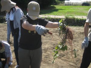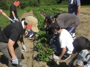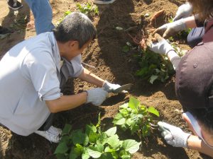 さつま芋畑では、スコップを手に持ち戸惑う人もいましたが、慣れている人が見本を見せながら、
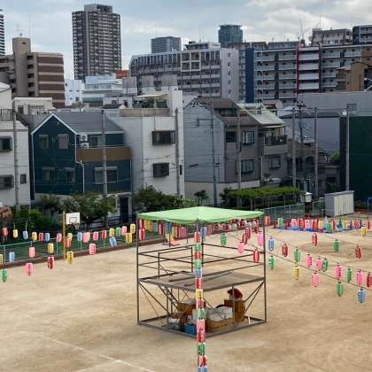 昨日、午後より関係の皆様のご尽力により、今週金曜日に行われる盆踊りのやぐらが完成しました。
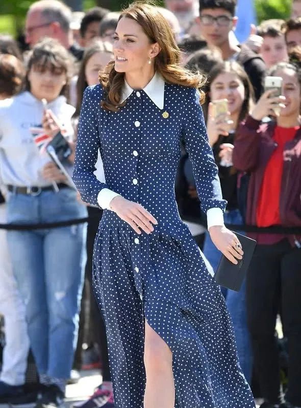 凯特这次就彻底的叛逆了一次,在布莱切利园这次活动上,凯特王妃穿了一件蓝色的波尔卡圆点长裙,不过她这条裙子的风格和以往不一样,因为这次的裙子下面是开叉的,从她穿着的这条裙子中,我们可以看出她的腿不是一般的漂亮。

To do: The output must match, line for line, the span from the line containing "昨日、午後より関係の皆様のご" through the end of the data, with the pictures removed.

Your solution:
 昨日、午後より関係の皆様のご尽力により、今週金曜日に行われる盆踊りのやぐらが完成しました。
 凯特这次就彻底的叛逆了一次,在布莱切利园这次活动上,凯特王妃穿了一件蓝色的波尔卡圆点长裙,不过她这条裙子的风格和以往不一样,因为这次的裙子下面是开叉的,从她穿着的这条裙子中,我们可以看出她的腿不是一般的漂亮。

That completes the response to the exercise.